In a real-world example, in 2018 it was publicly reported (Reuters, 2018) that in 2015 Amazon’s attempt at using machine learning to screen applicants failed because the machine-learning process screened out female applicants. The machine learning software learned to reject resumes that included items such as “women’s chess club captain” and focused on applications that included such words as “captured” or “executed” (words more likely to be on male resumes), simply because those were the words on previous applications of successful hires, since Amazon had hired mostly males in the past. The attempt to have machine-learning processes be a primary screening mechanism without human intervention was reportedly abandoned (Reuters, 2018).

Even more insidious would be the use of machine learning to formalize a kind of disparate treatment. Barocas and Selbst (2016) describe the possibility of “masking” by decision makers, in which they intentionally bias data collection or analysis, so as to ensure that the algorithms produced by the machine learning are unfavorable to certain protected class subgroups. That is, the decision-makers have introduced adverse impact into the machine learning process but have done so in an intentional manner that is difficult to detect. In this case, masking is a pretext for disparate treatment (Barocas & Selbst, 2016). For example, imagine that a manager desires to discriminate against individuals with disabilities. Obviously, introducing a code for disability into the analysis would be a red flag for discrimination. The manager instead ensures that the cost of equipment for employees is part of the data analyzed, a proxy that would probably not be a red flag for organizational leaders. However, accommodations for individuals with disabilities might necessitate their having higher equipment costs. In turn, the machine learning would determine that the profit returned per employee would be less for those with higher equipment costs, and those with high equipment costs should be terminated. In this scenario, the supervisor has engaged in intentional discrimination against disabled individuals but masked it with a proxy that appears reasonable to decision-makers.

Beyond the US EEO laws noted above, other laws will be relevant to machine learning issues. In the US these include the Fair Credit Reporting Act (FCRA) and Health Insurance Portability and Accountability Act (HIPAA). These laws were not originally intended to apply to machine learning or to workforce analysis processes in general. However, for several years researchers have suggested that FCRA applies to organizations using the Internet to assist the screening process (Black et al., 2015; Davison et al., 2012). In 2016, the Federal Trade Commission ruled that credit information cannot be used in a way that would create adverse impact and also determined that material information must be provided to those whose data are analyzed (Federal Trade Commission, 2016). Since some HR data sets are originally sourced from third parties, it is conceivable that credit information could be mixed in with the data (Federal Trade Commission, 2016). Similarly, any employee data that might include health information (which could include a significant amount of HR data related to benefits or absences) is likely to be governed by HIPAA. Health insurance data, even if generated internally, cannot legally be used in the US for any non-health-related purpose.
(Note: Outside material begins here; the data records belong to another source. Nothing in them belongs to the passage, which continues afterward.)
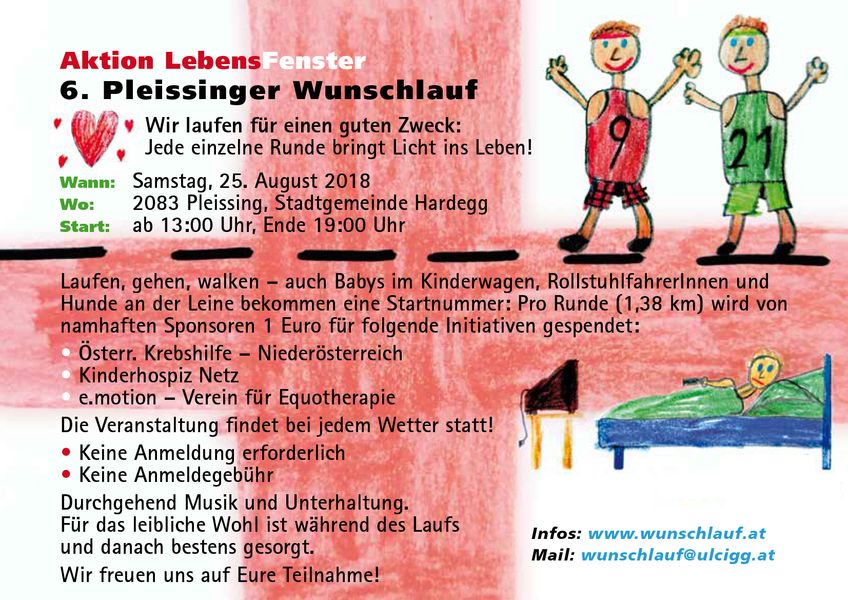834 Starterinnen haben den Weg nach Pleissing gefunden, um in Summe 6.160 Runden und somit Euro für den guten Zweck zu drehen. Für die Spitzenläufer war es zu heiß, das tat dem tollen, karitativen und auch geselligen Charakter keinen Abbruch. Wir freuen uns schon auf ein Wiedersehen beim 6. Pleissinger Wunschlauf - wie immer am letzten Samstag im August!
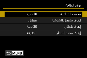 - [مخفت الشاشة] و[إيقاف تشغيل الشاشة] يُطبقان أثناء عرض شاشة التصوير. لا تنطبق هذه الإعدادات أثناء عرض القائمة أو تشغيل الصورة.
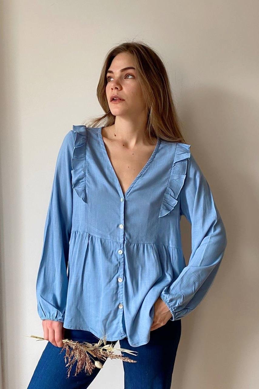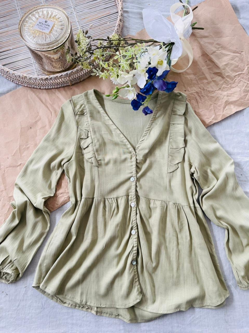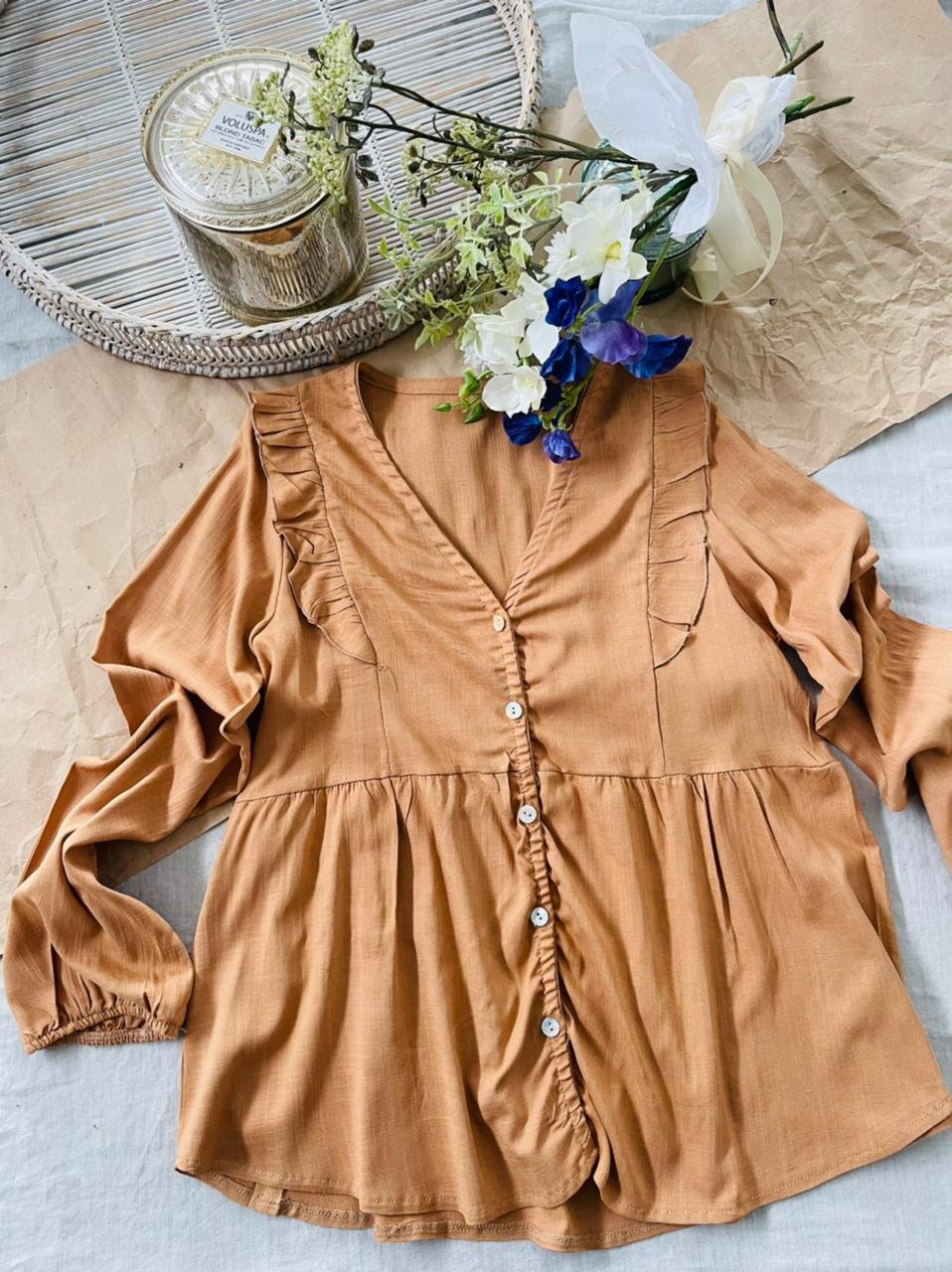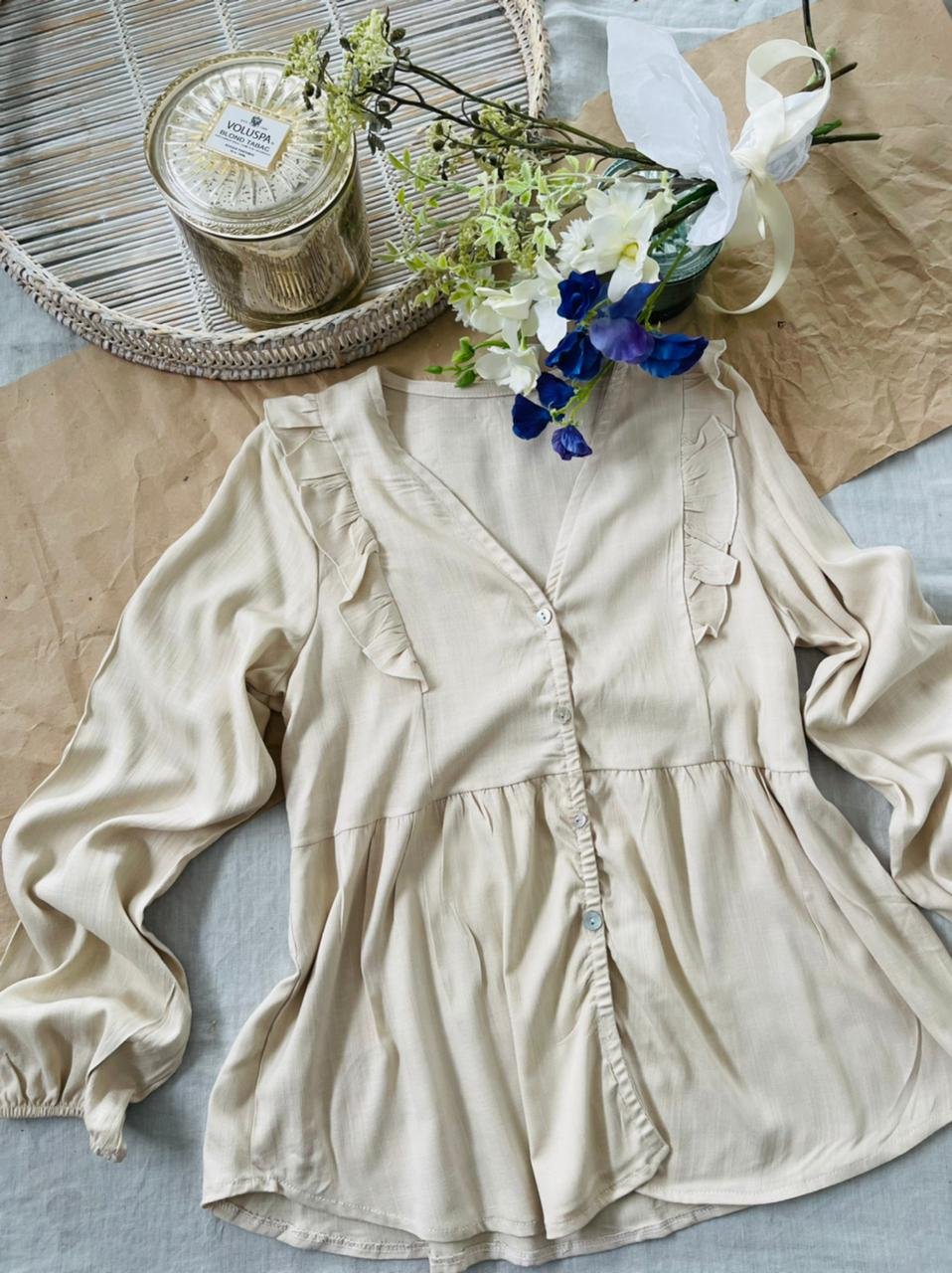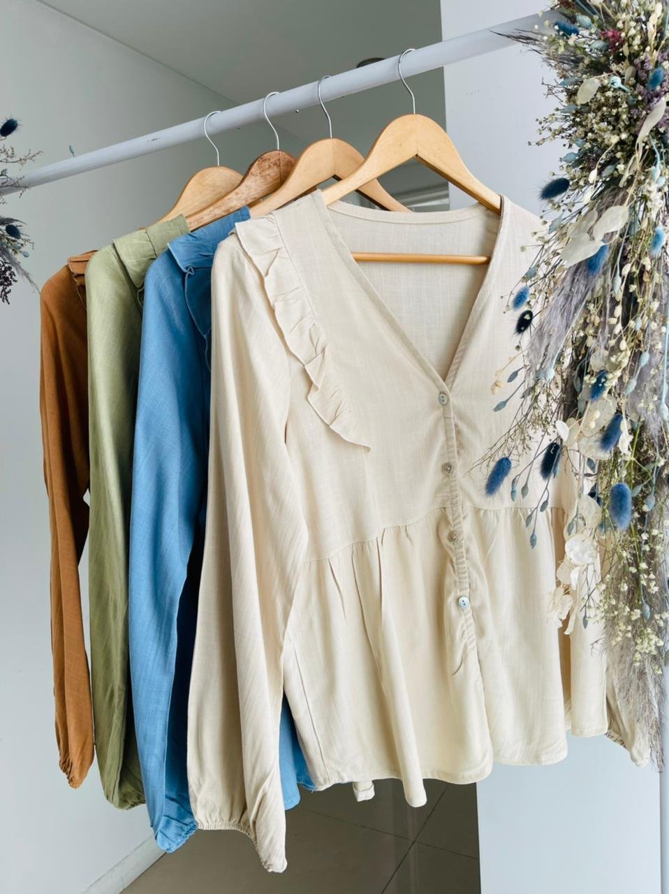#Camisa #Lino Elastizado #Manga Larga #Voladitos #TALLE UNICO

This implies that to be legal, data must be stripped of identifying health or credit information before it is analyzed (Cohen & Mello, 2018). At the very least, this fact would complicate using some datasets for evaluation of workforce performance.

In the EU, the General Data Protection Regulation (GDPR) covers any data that is processed in Europe (input, queried, transmitted, distributed, or stored), even if non-European firms or non-European employees are involved (European Commission, 2018). For years, in organizations based in Europe or in cases where employment applicants are from European countries, consent from data subjects has normally been required before personal data is analyzed (Davison et al., 2012). Under GDPR, the data subject is required to have access to that data at any time, which could complicate machine-learning processes. For example, the GDPR’s “right to be forgotten” (European Commission, 2018, p. 11) could impact machine learning in locations where there has been high turnover and exiting employees ask for their data to be removed. If there are disputes between employer and employee, the GDPR has a specific bias toward individual rights: “an individual can ask to have the processing of their personal data restricted while it is determined whether or not your legitimate interest overrides their interest” (European Commission, 2018, p. 12). Moreover, as machine learning technologies mature and create automated decisions (regarding, for example, bonuses or promotions), the GDPR expressly gives the right to challenge those decisions (European Commission, 2018, p. 12). Under the GDPR, data scientists and data architects are required to have more stringent preparation for the analysis as GDPR requires “data protection by design and by default” such that no analysis can be conducted that might infringe on an employee’s data rights (European Commission, 2018, p. 14). It is not completely clear what impact GDPR would have regarding product-tracking sensor data that can be traced back to employees who make products but that does not actually track the employees’ actions. However, we believe that GDPR would be likely to apply to such situations.Footnote 1

Given the various laws relevant to machine learning in the HR context, it is clear that while machine learning offers many useful possibilities for organizations to enhance productivity, such endeavors cannot be left solely to data scientists, who may be unfamiliar with the various laws that are relevant to personnel decisions. Moreover, data scientists may be unfamiliar with principles of sound HR practice. For example, in terms of hiring, the Uniform Guidelines on Employee Selection Procedures (UGESP; Equal Employment Opportunity Commission, 1978) address issues of adverse impact and validation procedures; although the UGESP do not have the force of law, they are given great deference by the courts. Senior HR managers must be in on the ground floor of the data selection process and must guide conversations to determine what data to include from a theoretical perspective. HR must also offer guidance to data scientists to be sensitive to analyses that would aggravate possible discriminatory patterns or confirm implicit biases (such as in the earlier Amazon example).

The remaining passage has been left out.